Не так часто собирались они теперь, летчики, полярники, капитаны, конструкторы, все, кого газеты давно объединяли словом «герои»: герои вышли на трибуну, героев встречали вожди… Они и составляли два верхних этажа могучей конструкции, похожей на пирамиду физкультурников, – как в легендах Древней Греции, раздел первый: боги и герои. Они были еще молоды, Порфирьев из старших, но в гробу выглядел юношей; оказывается, ему не было и тридцати семи, пушкинский возраст, действительно роковой. Давно миновали года их молодого энтузиазма – хотя какое давно? Пяти лет не прошло с эпопеи «Челюскина», семи – с открытия Люберецкого аэродрома, десяти – с полета Нобиле. Год шел за три. Теперь они больше руководили, чем летали, больше спорили на заседаниях, чем над картой; почти все к тридцати пяти поседели, соль с перцем, и если глаза еще, как принято было писать, блестели молодо, то чувствовалось за этим некое усилие, словно внутри приходилось включить лампочку. Нет, они не состарились, но время первой романтики миновало, и связывало их теперь только прошлое, хотя время для мемуаров, сказал Макаров, далеко еще, товарищи, не пришло. И все-таки они были словно присыпаны пеплом, потому что даже если ранняя смерть входит в привычный набор твоих рисков («Смерть – профессиональная травма летчика», – говорил Волчак с обычной своей рисовкой), часто хоронить товарищей – последнее дело; и это случалось с годами не реже, как можно было ожидать, а чаще. Об этом молчали, этого не понимали.

Встретились тут многие старые экипажи, с годами разлетевшиеся далеко и вместо былой дружбы иной раз выказывавшие почти неприязнь: у одних карьера сложилась триумфально, другие оказались оттерты.
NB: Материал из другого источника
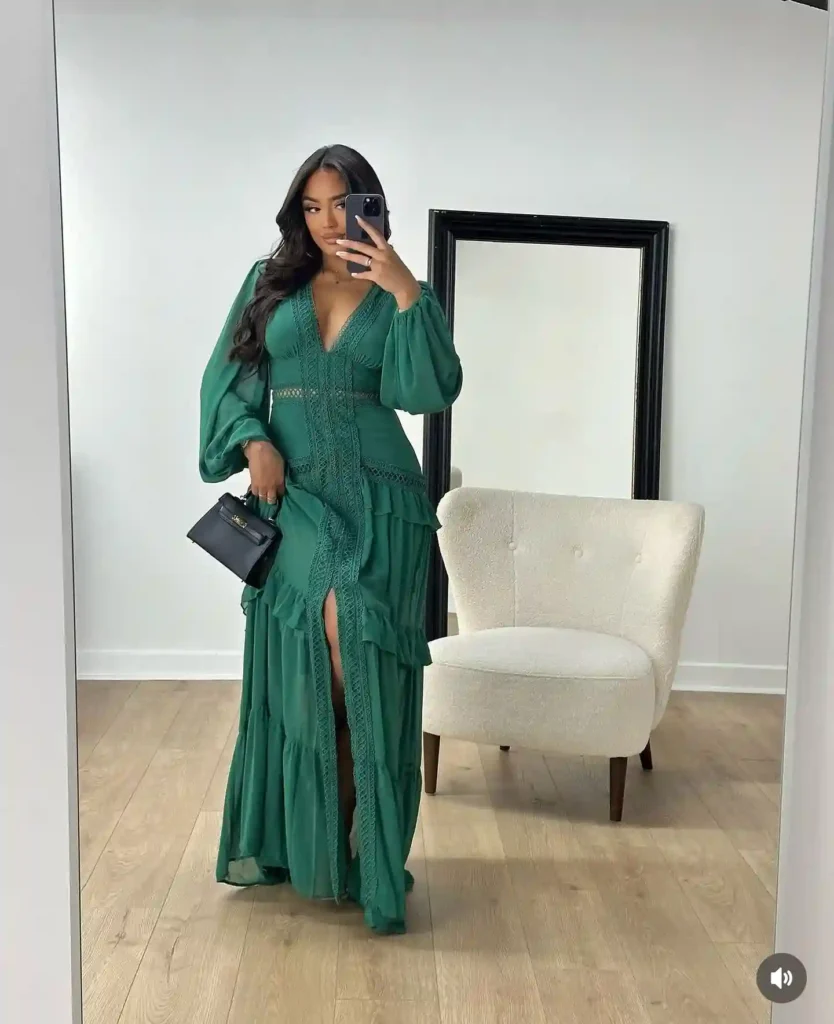 This green maxi dress fits beautifully with any baby shower theme. The lacy texture adds a soft and graceful touch that makes you stand out while staying elegant and feminine.

Им смешно было считаться наградами и званиями, а между тем считались, хотя каких-то пять лет назад счастьем для них было просто выжить и вернуться. Собрались, по молчаливому уговору, без жен, хотя Бровман знал – кому и знать, как не самому преданному хроникеру их побед, – что одни обзавелись молодыми подругами, других бросили прежние, устав ждать, а самыми счастливыми были третьи, кто так и остался с первыми женами, но таких было мало, хватило бы пальцев одной руки. Однако языки развязались, затеялся ликер «Полярный» из сгущенки и спирта, Кригер стал рассказывать о собственном воздухоплавательском опыте. Опьянение у него выражалось в том, что он начинал говорить особенно витиевато и гладко, в том же тоне, в каком писал свои «Записки о дрейфе».
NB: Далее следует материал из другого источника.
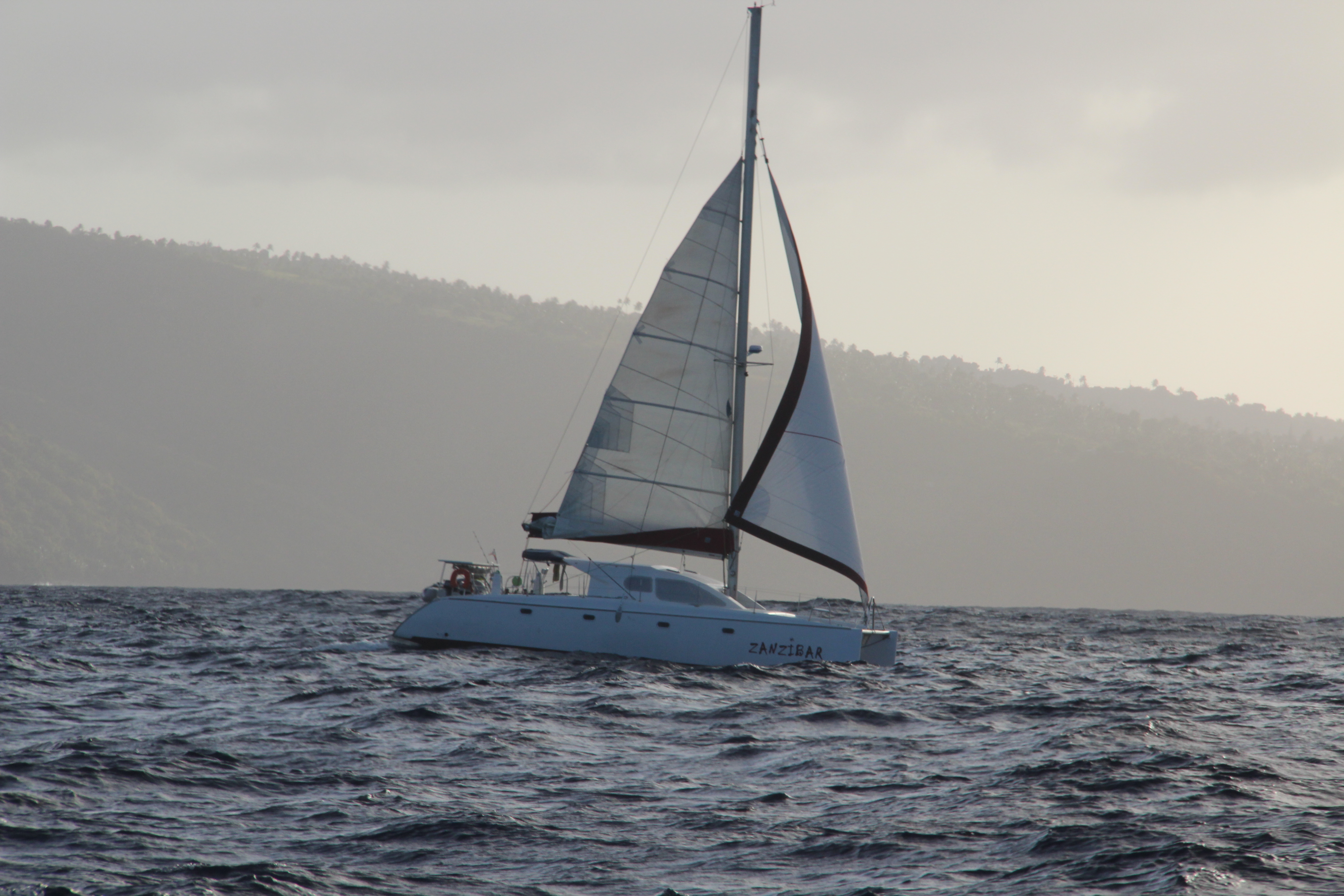 Départ à 5 heures du matin et navigation musclée pour couvrir les 87 milles nautiques qui nous séparent de l’île d’Union, aux Grenadines : 27 à 30 nœuds établis plein travers, rafales à 40, grosse mer de côté, déferlantes qui inondent le cockpit (et le roof !) : nous sommes mouillés, salés et fatigués quand nous arrivons à Chatham Bay en fin d’après-midi. Mais une fois encore heu-reux de ces quelques heures en mer sur notre Zanzibar, si à l’aise dans la houle et dans le vent. L’arrivée  (pourtant attendue !) n’est finalement pas un doux moment d’allégresse : le mouillage est très fréquenté,  très venté, un grain assombri le ciel et un Lagoon de 50 pieds, échoué coque tribord éventrée sur les cailloux au sud de la baie, n’engage pas vraiment à jeter l’ancre au hasard…

– Было это, друзья, в то время, когда мощный воздушный флот Осоавиахима ютился весь в единственном ангаре в овраге близ деревни Мазилово, от которой осталось сегодня одно название района Мазилово-Фили. Дирижабль В-3, как вы, несомненно, помните, далеко не гигант: около трех в нем тысяч кубов, и только. В тридцать четвертом меня взяли в агитационный полет, разбрасывать брошюры о советском дирижаблестроении. Никаких рекордов не предполагалось, нам даже особым предписанием запретили какой-либо риск. Март месяц, сугробы совершенно исключительные…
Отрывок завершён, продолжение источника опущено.